_YOUR GOAL:_
Leave out all pictures while repeating the records exactly and completely.

___ DATA PROVIDED

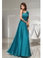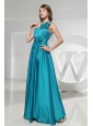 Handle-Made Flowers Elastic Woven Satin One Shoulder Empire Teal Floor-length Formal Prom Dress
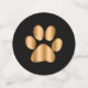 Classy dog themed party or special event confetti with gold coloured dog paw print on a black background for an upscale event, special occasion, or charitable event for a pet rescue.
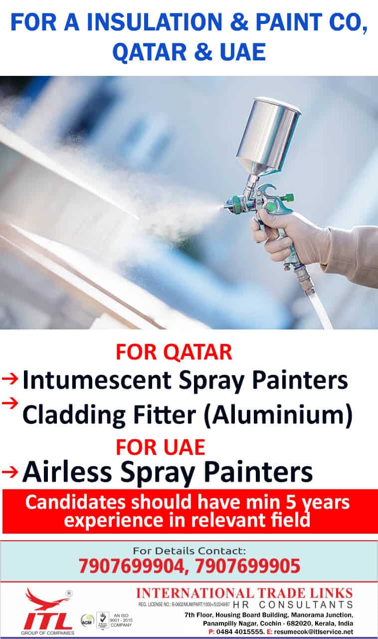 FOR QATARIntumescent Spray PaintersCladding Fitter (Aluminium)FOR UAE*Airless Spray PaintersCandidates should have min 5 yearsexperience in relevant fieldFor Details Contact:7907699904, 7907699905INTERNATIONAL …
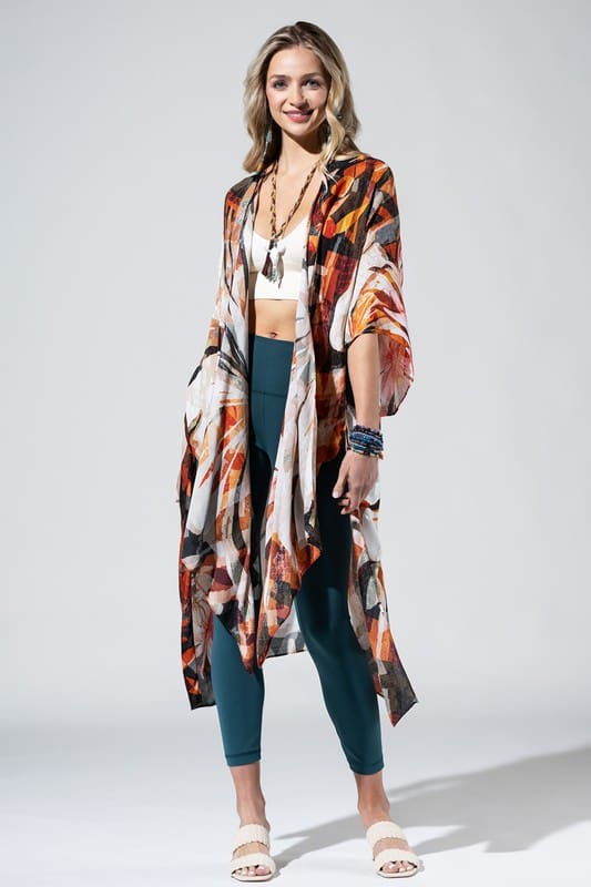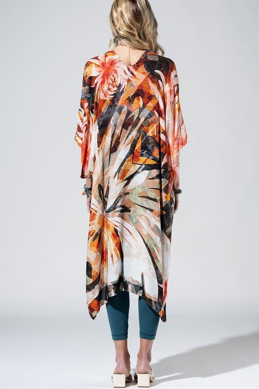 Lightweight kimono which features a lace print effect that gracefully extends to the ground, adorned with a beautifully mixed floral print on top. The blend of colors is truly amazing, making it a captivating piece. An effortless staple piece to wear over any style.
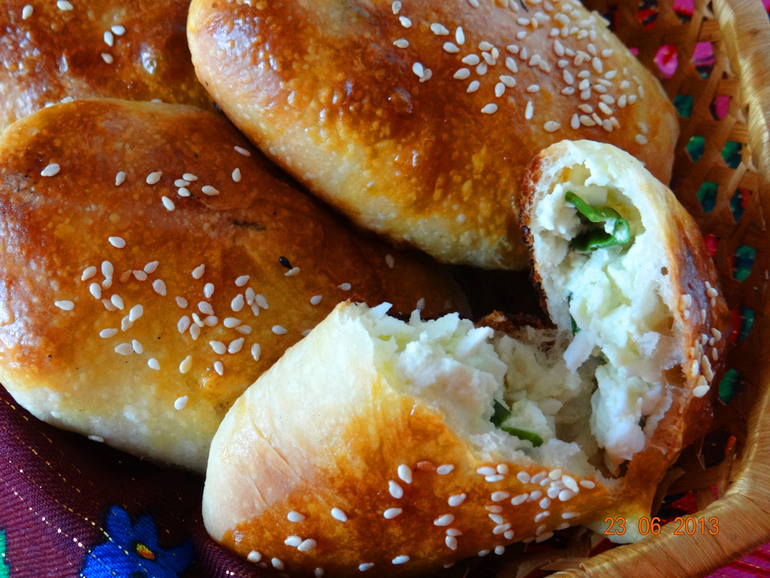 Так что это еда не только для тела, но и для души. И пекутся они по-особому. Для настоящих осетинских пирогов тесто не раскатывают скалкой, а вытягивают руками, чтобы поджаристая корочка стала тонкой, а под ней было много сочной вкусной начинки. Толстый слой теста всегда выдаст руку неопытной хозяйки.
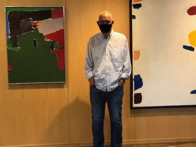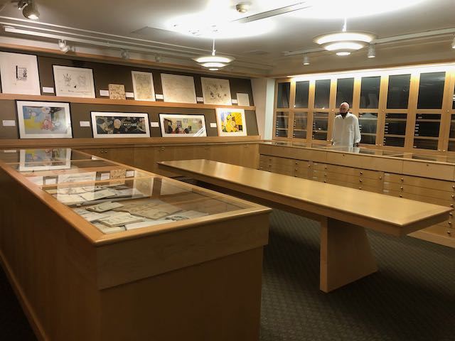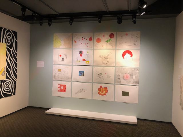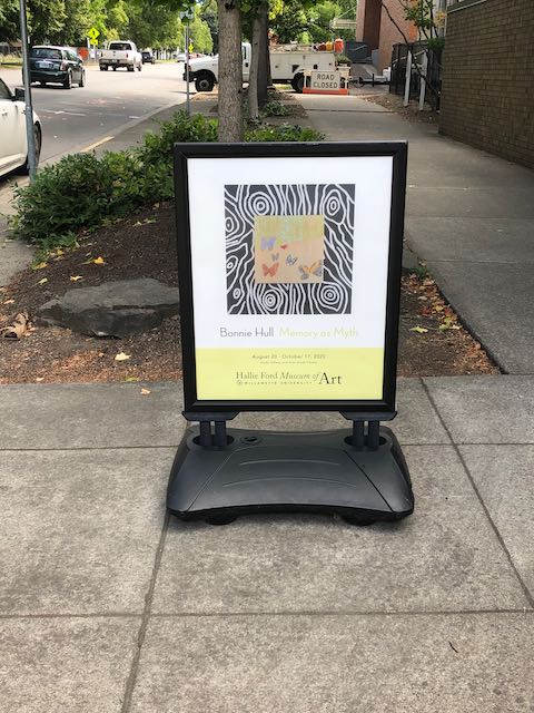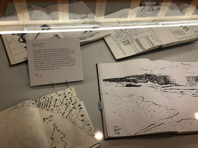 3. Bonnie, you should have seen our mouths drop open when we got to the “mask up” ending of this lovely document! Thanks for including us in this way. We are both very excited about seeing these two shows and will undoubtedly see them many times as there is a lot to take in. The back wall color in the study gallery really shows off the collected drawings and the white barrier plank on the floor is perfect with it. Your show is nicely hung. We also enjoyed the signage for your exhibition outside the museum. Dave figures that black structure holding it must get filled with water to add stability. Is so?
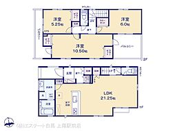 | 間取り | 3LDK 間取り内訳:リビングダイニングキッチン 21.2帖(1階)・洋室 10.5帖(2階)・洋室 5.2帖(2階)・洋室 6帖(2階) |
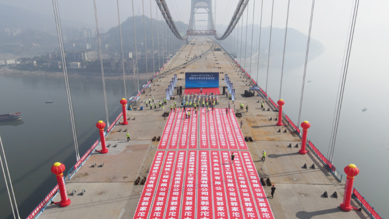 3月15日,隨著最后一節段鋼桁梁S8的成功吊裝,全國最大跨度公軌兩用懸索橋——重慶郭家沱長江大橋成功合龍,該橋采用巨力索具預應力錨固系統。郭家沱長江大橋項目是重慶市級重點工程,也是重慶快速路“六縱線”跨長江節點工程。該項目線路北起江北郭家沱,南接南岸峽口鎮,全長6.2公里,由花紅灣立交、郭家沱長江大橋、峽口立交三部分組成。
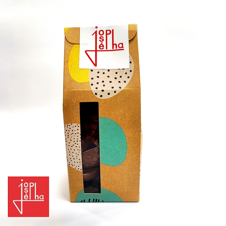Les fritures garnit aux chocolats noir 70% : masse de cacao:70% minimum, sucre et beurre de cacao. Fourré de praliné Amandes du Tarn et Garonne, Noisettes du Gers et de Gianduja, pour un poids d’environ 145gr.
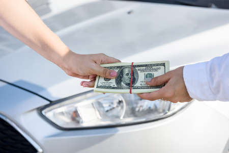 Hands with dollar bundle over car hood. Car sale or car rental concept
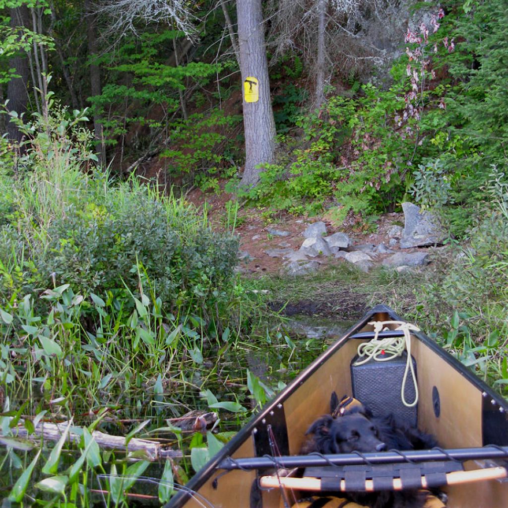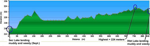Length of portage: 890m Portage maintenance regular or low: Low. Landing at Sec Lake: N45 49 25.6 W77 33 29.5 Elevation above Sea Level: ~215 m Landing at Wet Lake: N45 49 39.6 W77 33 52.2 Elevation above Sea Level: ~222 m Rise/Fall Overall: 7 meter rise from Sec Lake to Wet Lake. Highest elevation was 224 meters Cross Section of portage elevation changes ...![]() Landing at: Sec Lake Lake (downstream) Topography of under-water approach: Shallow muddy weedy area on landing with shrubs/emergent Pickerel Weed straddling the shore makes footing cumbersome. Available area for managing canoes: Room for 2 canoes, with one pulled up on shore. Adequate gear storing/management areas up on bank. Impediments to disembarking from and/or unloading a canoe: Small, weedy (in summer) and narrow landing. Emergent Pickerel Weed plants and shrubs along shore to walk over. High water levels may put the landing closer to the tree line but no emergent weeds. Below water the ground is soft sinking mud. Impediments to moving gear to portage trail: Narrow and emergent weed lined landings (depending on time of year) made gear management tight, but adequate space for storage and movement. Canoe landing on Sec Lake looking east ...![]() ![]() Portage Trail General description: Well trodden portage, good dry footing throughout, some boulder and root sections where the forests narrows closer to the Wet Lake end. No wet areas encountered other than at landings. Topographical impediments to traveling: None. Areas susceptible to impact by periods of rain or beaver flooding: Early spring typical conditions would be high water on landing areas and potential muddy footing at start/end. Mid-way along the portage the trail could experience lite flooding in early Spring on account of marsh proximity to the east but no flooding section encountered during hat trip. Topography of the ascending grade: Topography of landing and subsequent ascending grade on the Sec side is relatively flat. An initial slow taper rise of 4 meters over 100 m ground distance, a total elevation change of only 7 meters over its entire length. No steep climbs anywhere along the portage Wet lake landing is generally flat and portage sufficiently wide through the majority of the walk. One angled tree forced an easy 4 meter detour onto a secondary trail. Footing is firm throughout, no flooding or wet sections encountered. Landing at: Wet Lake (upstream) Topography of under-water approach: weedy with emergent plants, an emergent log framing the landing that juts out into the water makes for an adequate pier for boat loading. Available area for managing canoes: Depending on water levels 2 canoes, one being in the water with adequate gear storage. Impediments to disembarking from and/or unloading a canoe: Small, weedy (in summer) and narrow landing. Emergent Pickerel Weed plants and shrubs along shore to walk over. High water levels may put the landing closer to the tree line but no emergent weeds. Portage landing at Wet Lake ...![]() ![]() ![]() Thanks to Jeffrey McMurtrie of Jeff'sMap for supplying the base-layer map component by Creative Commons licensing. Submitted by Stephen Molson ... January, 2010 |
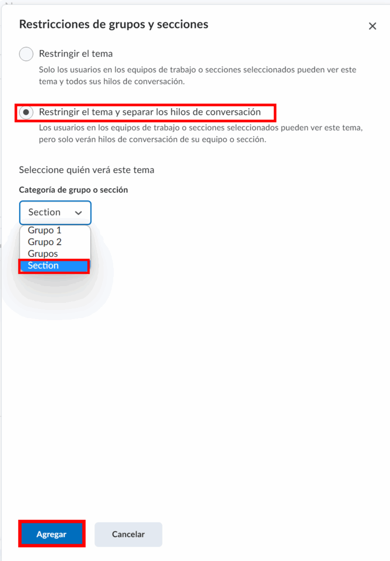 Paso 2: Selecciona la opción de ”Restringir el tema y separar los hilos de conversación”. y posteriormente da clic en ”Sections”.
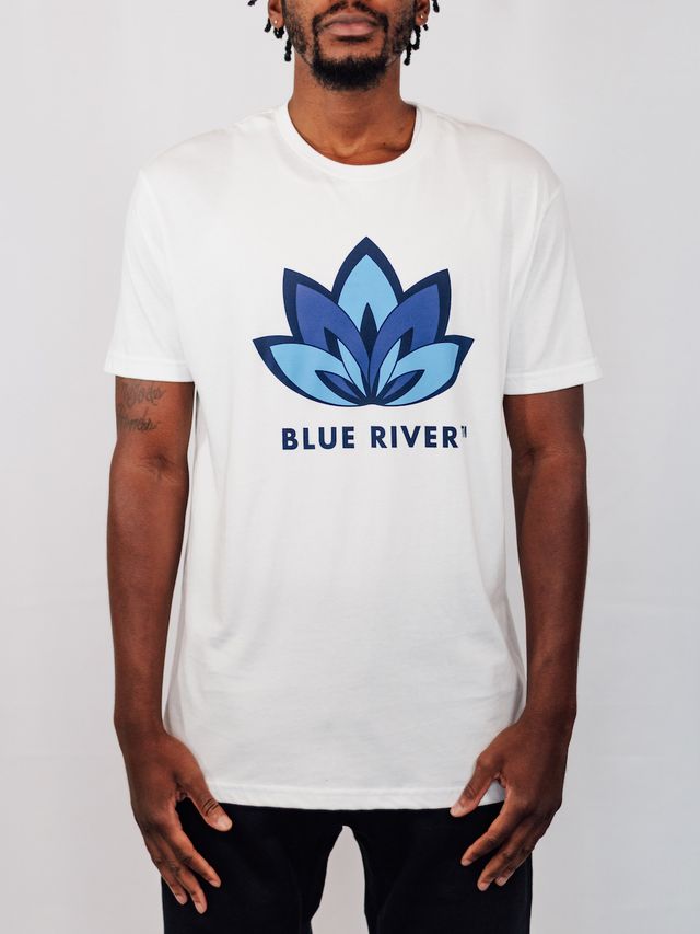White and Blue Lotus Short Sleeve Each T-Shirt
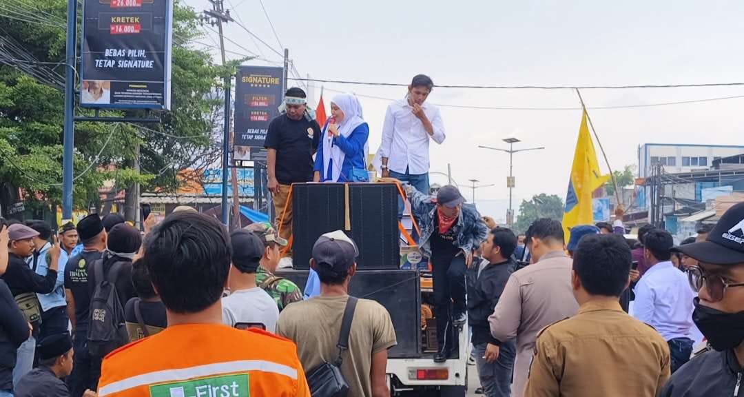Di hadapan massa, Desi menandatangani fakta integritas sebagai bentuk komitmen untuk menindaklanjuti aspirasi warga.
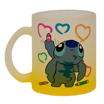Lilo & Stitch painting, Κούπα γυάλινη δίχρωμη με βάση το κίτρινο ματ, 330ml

______

_RESULT OF THIS TASK:_
 Handle-Made Flowers Elastic Woven Satin One Shoulder Empire Teal Floor-length Formal Prom Dress
 Classy dog themed party or special event confetti with gold coloured dog paw print on a black background for an upscale event, special occasion, or charitable event for a pet rescue.
 FOR QATARIntumescent Spray PaintersCladding Fitter (Aluminium)FOR UAE*Airless Spray PaintersCandidates should have min 5 yearsexperience in relevant fieldFor Details Contact:7907699904, 7907699905INTERNATIONAL …
 Lightweight kimono which features a lace print effect that gracefully extends to the ground, adorned with a beautifully mixed floral print on top. The blend of colors is truly amazing, making it a captivating piece. An effortless staple piece to wear over any style.
 Так что это еда не только для тела, но и для души. И пекутся они по-особому. Для настоящих осетинских пирогов тесто не раскатывают скалкой, а вытягивают руками, чтобы поджаристая корочка стала тонкой, а под ней было много сочной вкусной начинки. Толстый слой теста всегда выдаст руку неопытной хозяйки.
 3. Bonnie, you should have seen our mouths drop open when we got to the “mask up” ending of this lovely document! Thanks for including us in this way. We are both very excited about seeing these two shows and will undoubtedly see them many times as there is a lot to take in. The back wall color in the study gallery really shows off the collected drawings and the white barrier plank on the floor is perfect with it. Your show is nicely hung. We also enjoyed the signage for your exhibition outside the museum. Dave figures that black structure holding it must get filled with water to add stability. Is so?
 | 間取り | 3LDK 間取り内訳:リビングダイニングキッチン 21.2帖(1階)・洋室 10.5帖(2階)・洋室 5.2帖(2階)・洋室 6帖(2階) |
 3月15日,隨著最后一節段鋼桁梁S8的成功吊裝,全國最大跨度公軌兩用懸索橋——重慶郭家沱長江大橋成功合龍,該橋采用巨力索具預應力錨固系統。郭家沱長江大橋項目是重慶市級重點工程,也是重慶快速路“六縱線”跨長江節點工程。該項目線路北起江北郭家沱,南接南岸峽口鎮,全長6.2公里,由花紅灣立交、郭家沱長江大橋、峽口立交三部分組成。
Les fritures garnit aux chocolats noir 70% : masse de cacao:70% minimum, sucre et beurre de cacao. Fourré de praliné Amandes du Tarn et Garonne, Noisettes du Gers et de Gianduja, pour un poids d’environ 145gr.
 Hands with dollar bundle over car hood. Car sale or car rental concept
Length of portage: 890m Portage maintenance regular or low: Low. Landing at Sec Lake: N45 49 25.6 W77 33 29.5 Elevation above Sea Level: ~215 m Landing at Wet Lake: N45 49 39.6 W77 33 52.2 Elevation above Sea Level: ~222 m Rise/Fall Overall: 7 meter rise from Sec Lake to Wet Lake. Highest elevation was 224 meters Cross Section of portage elevation changes ...![]() Landing at: Sec Lake Lake (downstream) Topography of under-water approach: Shallow muddy weedy area on landing with shrubs/emergent Pickerel Weed straddling the shore makes footing cumbersome. Available area for managing canoes: Room for 2 canoes, with one pulled up on shore. Adequate gear storing/management areas up on bank. Impediments to disembarking from and/or unloading a canoe: Small, weedy (in summer) and narrow landing. Emergent Pickerel Weed plants and shrubs along shore to walk over. High water levels may put the landing closer to the tree line but no emergent weeds. Below water the ground is soft sinking mud. Impediments to moving gear to portage trail: Narrow and emergent weed lined landings (depending on time of year) made gear management tight, but adequate space for storage and movement. Canoe landing on Sec Lake looking east ...![]() ![]() Portage Trail General description: Well trodden portage, good dry footing throughout, some boulder and root sections where the forests narrows closer to the Wet Lake end. No wet areas encountered other than at landings. Topographical impediments to traveling: None. Areas susceptible to impact by periods of rain or beaver flooding: Early spring typical conditions would be high water on landing areas and potential muddy footing at start/end. Mid-way along the portage the trail could experience lite flooding in early Spring on account of marsh proximity to the east but no flooding section encountered during hat trip. Topography of the ascending grade: Topography of landing and subsequent ascending grade on the Sec side is relatively flat. An initial slow taper rise of 4 meters over 100 m ground distance, a total elevation change of only 7 meters over its entire length. No steep climbs anywhere along the portage Wet lake landing is generally flat and portage sufficiently wide through the majority of the walk. One angled tree forced an easy 4 meter detour onto a secondary trail. Footing is firm throughout, no flooding or wet sections encountered. Landing at: Wet Lake (upstream) Topography of under-water approach: weedy with emergent plants, an emergent log framing the landing that juts out into the water makes for an adequate pier for boat loading. Available area for managing canoes: Depending on water levels 2 canoes, one being in the water with adequate gear storage. Impediments to disembarking from and/or unloading a canoe: Small, weedy (in summer) and narrow landing. Emergent Pickerel Weed plants and shrubs along shore to walk over. High water levels may put the landing closer to the tree line but no emergent weeds. Portage landing at Wet Lake ...![]() ![]() ![]() Thanks to Jeffrey McMurtrie of Jeff'sMap for supplying the base-layer map component by Creative Commons licensing. Submitted by Stephen Molson ... January, 2010 |
 Paso 2: Selecciona la opción de ”Restringir el tema y separar los hilos de conversación”. y posteriormente da clic en ”Sections”.
White and Blue Lotus Short Sleeve Each T-Shirt
Di hadapan massa, Desi menandatangani fakta integritas sebagai bentuk komitmen untuk menindaklanjuti aspirasi warga.
Lilo & Stitch painting, Κούπα γυάλινη δίχρωμη με βάση το κίτρινο ματ, 330ml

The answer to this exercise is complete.